We can print the last field of a line as print $NF, last but the second as $(NF-1), and so on.

awk also provides the printf() function with the same syntax as in C. We can also use that instead of print.

Let's see some basic awk usage examples. Print the second and third field of every line as follows:

$awk '{ print $3,$2 }' file

In order to count the number of lines in a file, use the following command:

$ awk 'END{ print NR }' file

Here, we only use the END block. NR will be updated on entering each line by awk with its line number. When it reaches the end of the line, it will have the value of the last line number. Hence, in the END block NR will have the value of the last line number.
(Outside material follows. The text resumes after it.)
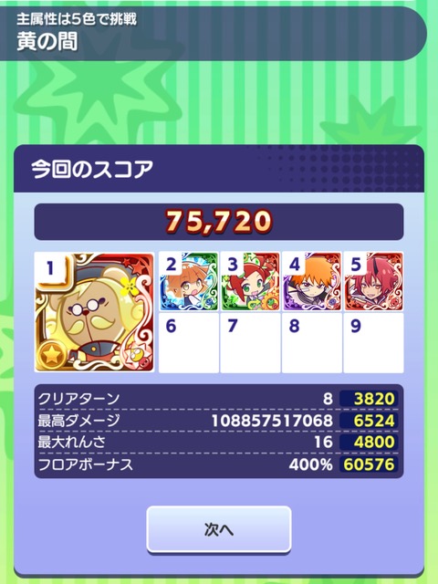 お疲れ様です♪普通の黒崎一護くんも結構貴重なスキルしているということに気が付きまして、これで蒸気の塔登ってみました!隣接エンハが効かないのでアリーナとかで使うことはないと思いますが、テクニカルだと結構いいキャラではないでしょうか!!!ちょっと上手く組めてないと思うのですが笑笑うまくいけばもっといいスコア出せると思います!!

You can sum up all the numbers from each line of field 1 as follows:

$ seq 5 | awk 'BEGIN{ sum=0; print "Summation:" } { print $1"+"; sum+=$1 } END { print "=="; print sum }' Summation: 1+ 2+ 3+ 4+ 5+ == 15

Passing an external variable to awk

By using the -v argument, we can pass external values other than stdin to awk, as follows:

$ VAR=10000 $ echo | awk -v VARIABLE=$VAR '{ print VARIABLE }' 10000

There is a flexible alternate method to pass many variable values from outside awk. For example:

$ var1="Variable1" ; var2="Variable2" $ echo | awk '{ print v1,v2 }' v1=$var1 v2=$var2 Variable1 Variable2

When an input is given through a file rather than standard input, use the following command:

$ awk '{ print v1,v2 }' v1=$var1 v2=$var2 filename

In the preceding method, variables are specified as key-value pairs, separated by a space and (v1=$var1 v2=$var2 ) as command arguments to awk soon after the BEGIN, { }, and END blocks.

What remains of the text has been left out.